Despite the exhaustive detail in Qunta’s piece, there are even more previous policy measures whose adverse effects on skills are not mentioned.

Most notable of these is the Bantu Education Act of 1953.

Remember that cabinet minister who once proclaimed in parliament to the thunderous applause of “honourable” members:

“When I have control of native education, I will reform it so that natives will be taught from childhood to realise that equality with Europeans is not for them.

“There is no place for him (the black child) in European society above the level of certain forms of labour.

“What is the use of teaching a Bantu child Mathematics when it cannot use it in practice?”

Qunta exposes the remnant tentacles of Bantu Education’s legacy throughout.

A week ago, the Democratic Alliance (DA) made the tendentious claim that affirmative action was “at the very core of South Africa’s skills crisis”.

They argued that affirmative action “tenets run against the principles of merit and quality, and place race rather than individual ability as the key criterion for selection, both inside and outside of government”.

Sounds familiar, does it not?

“The first-ever non-racial democratic government is in effect more racist than its predecessors.”

A little scratching beneath the surface of what might appear to some to be reasonable words exposes the history of the racism in which their meaning becomes explicit.

So, just like Verwoerd stated in 1953, that “equality with [whites] is not for [blacks]”, today, 54 years later, the DA propounds the same thesis in which, were public policy to take their counsel, there would effectively be “no place for [black people] … above the level of certain forms of labour …”

Last week, the DA also said: “School education [has] been allowed to decline, as quality was sacrificed, especially in Maths and Science, in the race to improve the pass rate.”

In other words, the reason for poor Maths and Science performance in our schools is not the apartheid legacy which Verwoerd promulgated and implemented with such enthusiastic zealotry, but the supposed ineptness of the post-apartheid democratic government.

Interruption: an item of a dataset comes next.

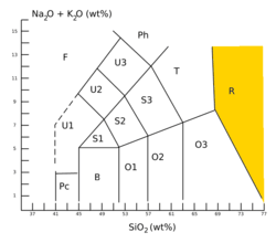 6. ^ Le Bas, M. J.; Streckeisen, A. L. (1991). "The IUGS systematics of igneous rocks". Journal of the Geological Society. 148 (5): 825–833. Bibcode:1991JGSoc.148..825L. CiteSeerX 10.1.1.692.4446. doi:10.1144/gsjgs.148.5.0825. S2CID 28548230.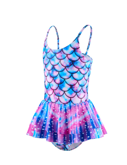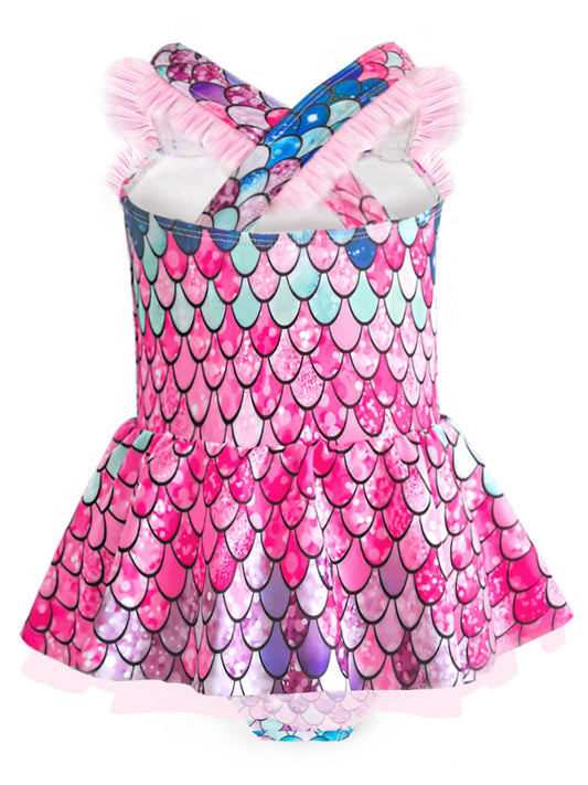 Kids Girl Thin Strap Backless Mermaid Scale Printed Double Layers Bikini Cut Swimwear

According to this logic, such ineptness is typical of, and inherent in, all black governments.

A truly classic exercise in sanitising Verwoerd – the epitome of 20th century racism.

And so, the fight-back campaign will not end yet.

In the light of available evidence pointing to the fact that the South African economy remains largely in white hands, how can persistent claims of “racism in reverse” be sustained?

That these claims should so dominate the pages of newspapers and airwaves illustrates how much dominant economic forces still superimpose themselves on public discourse.

Qunta’s challenge to historically white tertiary institutions – which she argues still indulge in forms of discrimination and thus slow the progress in producing trained graduates in technical areas such as engineering – is one we all ought to take seriously.

Perhaps, lastly, unpacking and demystifying the inherent racism which colours so much of our public discourse ought to be a necessary part of our education curriculum at all levels.